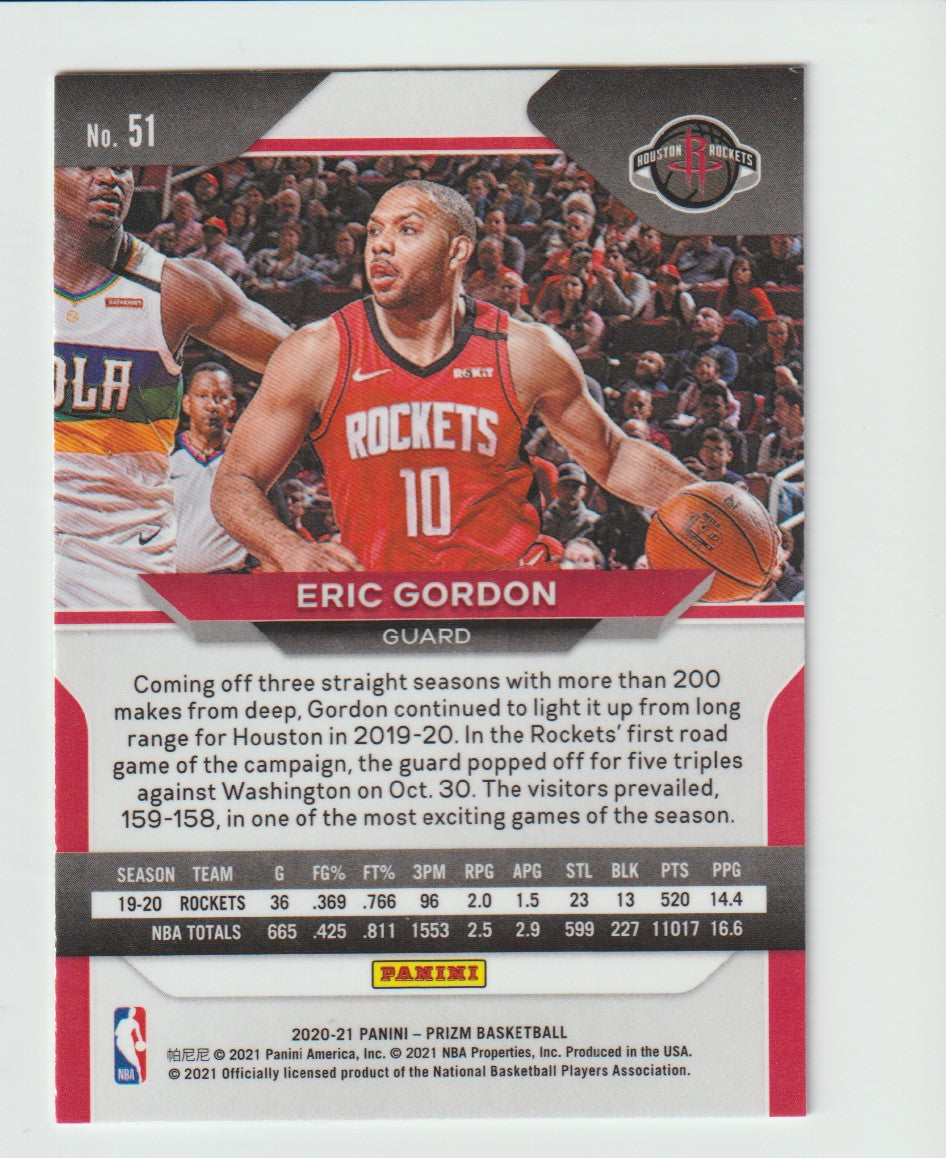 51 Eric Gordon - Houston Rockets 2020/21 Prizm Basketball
...
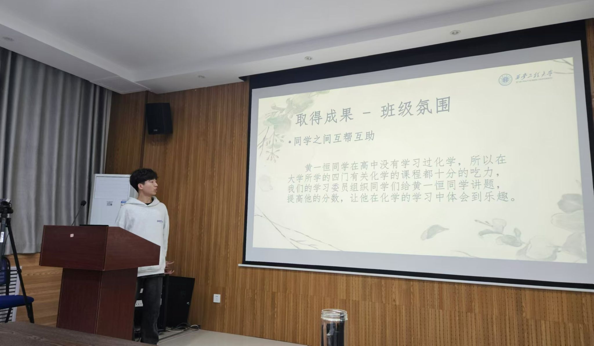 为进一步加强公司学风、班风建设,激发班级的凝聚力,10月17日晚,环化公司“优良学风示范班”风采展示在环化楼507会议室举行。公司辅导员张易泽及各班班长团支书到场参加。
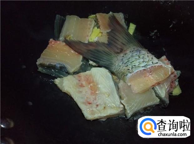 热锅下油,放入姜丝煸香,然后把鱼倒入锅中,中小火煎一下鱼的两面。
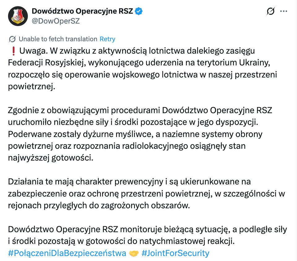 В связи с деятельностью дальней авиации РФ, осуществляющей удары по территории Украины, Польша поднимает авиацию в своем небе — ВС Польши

▸ **What you need to do**
Text only, no pictures: please print exactly the lines above from the line with "热锅下油,放入姜丝煸香,然后把鱼倒入锅中,中小火煎一下鱼的两面。" up to and including the line with "В связи с деятельностью", and nothing else.

▸ **Answer for this exercise**
 热锅下油,放入姜丝煸香,然后把鱼倒入锅中,中小火煎一下鱼的两面。
 В связи с деятельностью дальней авиации РФ, осуществляющей удары по территории Украины, Польша поднимает авиацию в своем небе — ВС Польши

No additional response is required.